# Engaging with faith communities to tackle ethnic health inequalities in the UK: a scoping review

**Authors:** Datapwa Mujong, Poppy Angelica Spaceman Pierce, Stuart Andrew Green Hofer, Leonora G Weil, Roxanne Crosby-Nwaobi, Jenny Husbands, Richard Antony Powell

PMC · DOI: 10.1136/bmjph-2025-003816 · 2026-01-27

## TL;DR

This study reviews how UK faith communities have been involved in public health efforts to reduce ethnic health inequalities, highlighting outcomes and challenges.

## Contribution

The paper provides a scoping review of faith community engagement in public health interventions targeting ethnic health inequalities in the UK.

## Key findings

- Faith communities were engaged through partnerships, volunteer roles, and as community hubs.
- Outcomes were mostly psychosocial, with limited focus on behavioral or structural changes.
- Barriers included mistrust and unequal power dynamics, while facilitators included trust and cultural alignment.

## Abstract

To explore how faith communities have been engaged in the design or delivery of public health interventions addressing ethnic health inequalities (EHIs) in the UK, the outcomes reported, and the barriers and facilitators influencing engagement.

Scoping review.

MEDLINE, Embase, PsycINFO, CINAHL, Web of Science, SCOPUS, Cochrane Library and Healthcare Management Information Consortium were systematically searched. Websites of two leading faith-based organisations—FaithAction and Theos Think Tank—were also hand-searched for grey literature.

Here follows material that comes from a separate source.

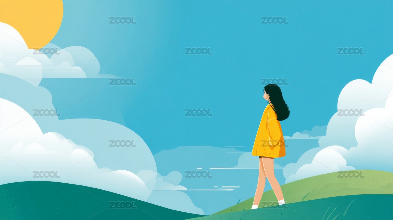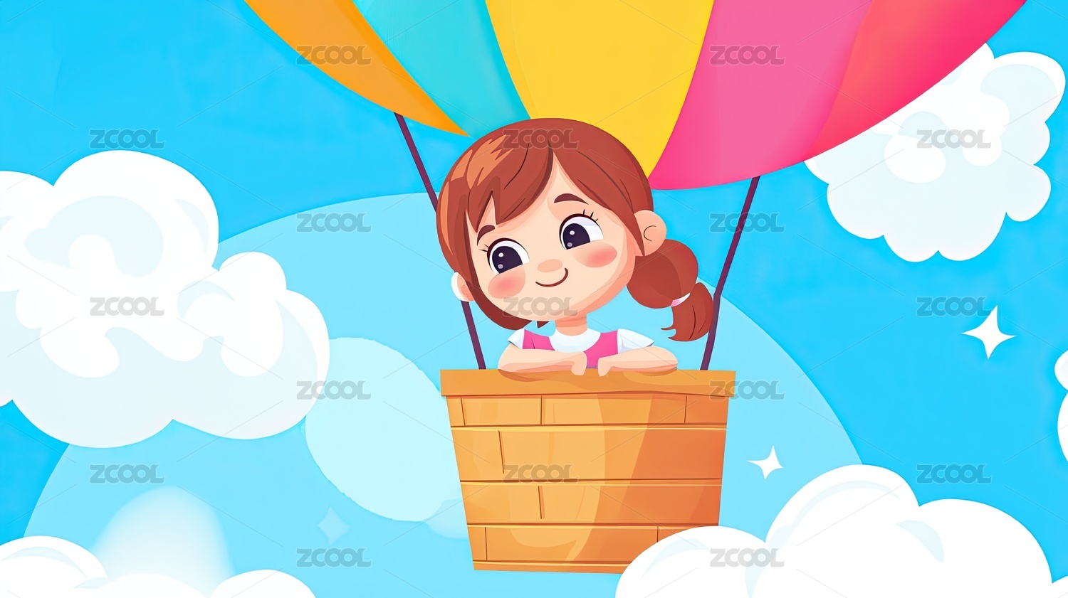 儿童节插画,天空中的太阳、小女孩和泰熊

UK-based empirical studies (2014–2024 inclusive) reporting faith community engagement (CE) in the design or delivery of public health interventions addressing EHIs or their wider social and structural determinants. Non-empirical studies, and studies with no meaningful involvement of faith communities, were excluded.

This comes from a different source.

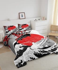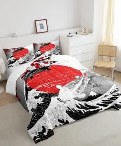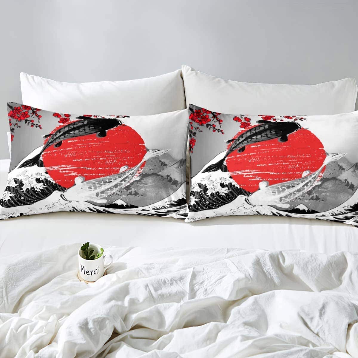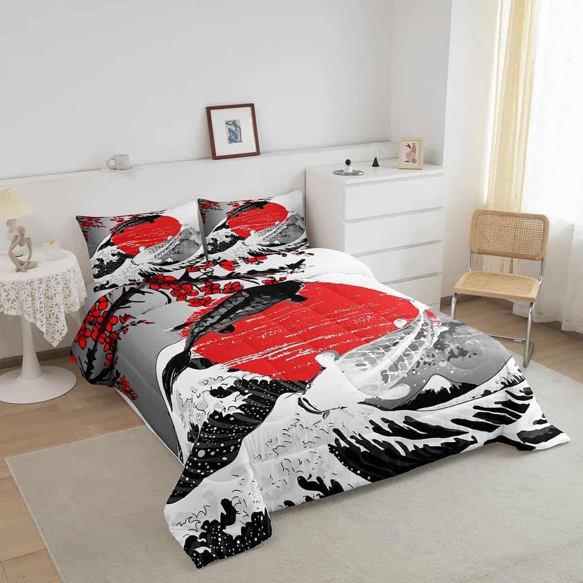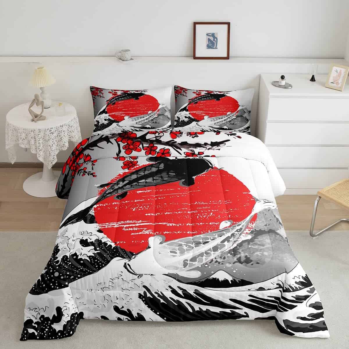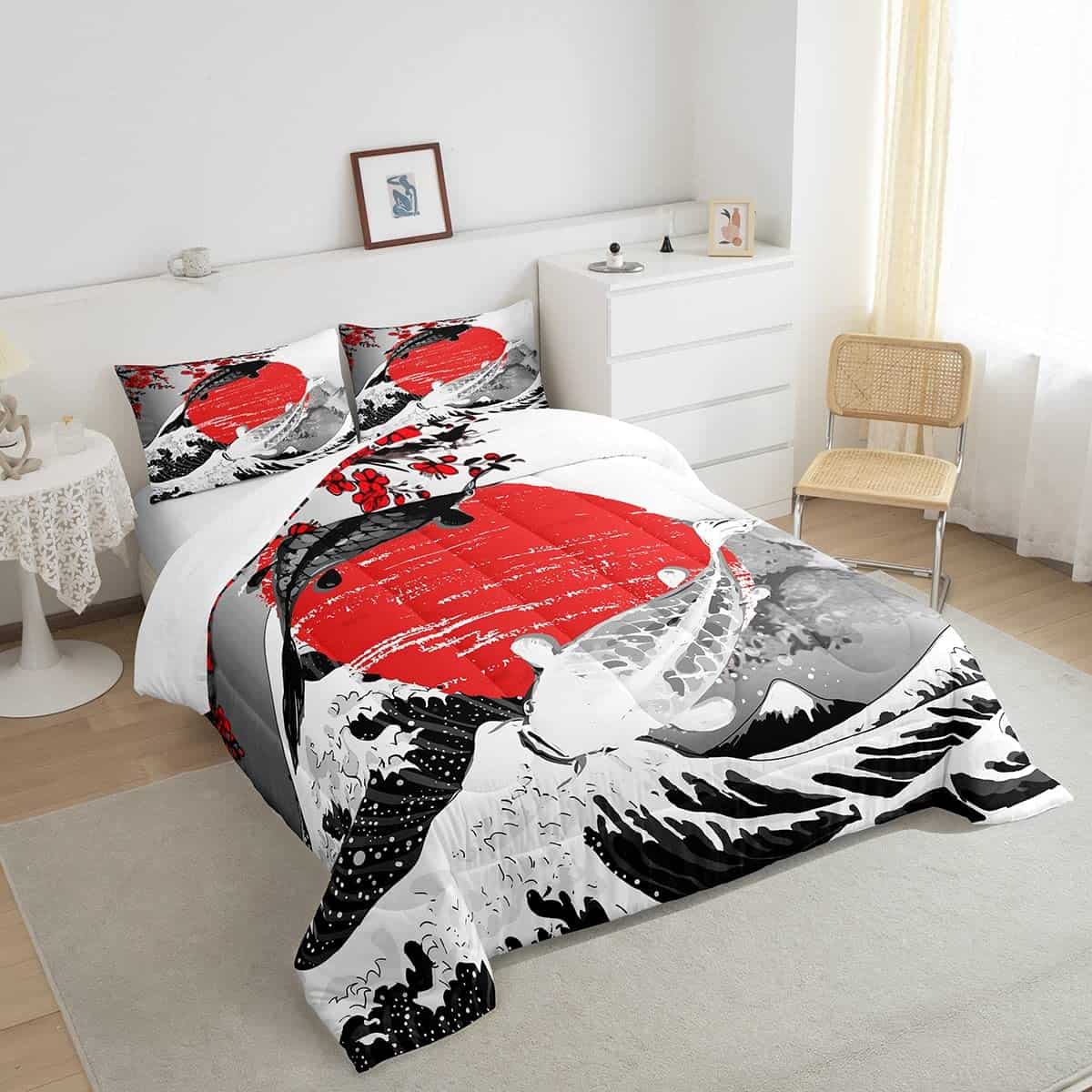 Juego de Edredón Montaña Fuji Estilo Japonés Peces Koi Tema

Two reviewers independently screened and extracted data. A descriptive analytical approach was used to chart faith CE approaches, reported outcomes, and barriers and facilitators.

16 studies were included. Faith CE involved collaborations and partnerships, volunteer or peer roles, and places of worship as community hubs. Public health interventions, primarily health education, were typically delivered at a local scale. Health system involvement varied across studies, encompassing roles in funding, design, delivery and research. Reported outcomes included direct benefits from engagement processes and indirect benefits from interventions, predominantly psychosocial rather than behavioural or structural. Common barriers included limited resources, mistrust, cultural misalignment and unequal power dynamics; facilitators included trust, cultural alignment, supportive leadership and clearly defined roles.

Faith communities are vital partners in tackling EHIs; however, they are currently engaged within a limited scope. Strengthening community-led approaches across health system footprints, addressing power dynamics, and evaluating behavioural, structural, and equity-focused outcomes can enhance their impact. The proposed practical actions provide decision-makers guidance to support inclusive, sustainable, and cost-effective public health interventions tackling EHIs.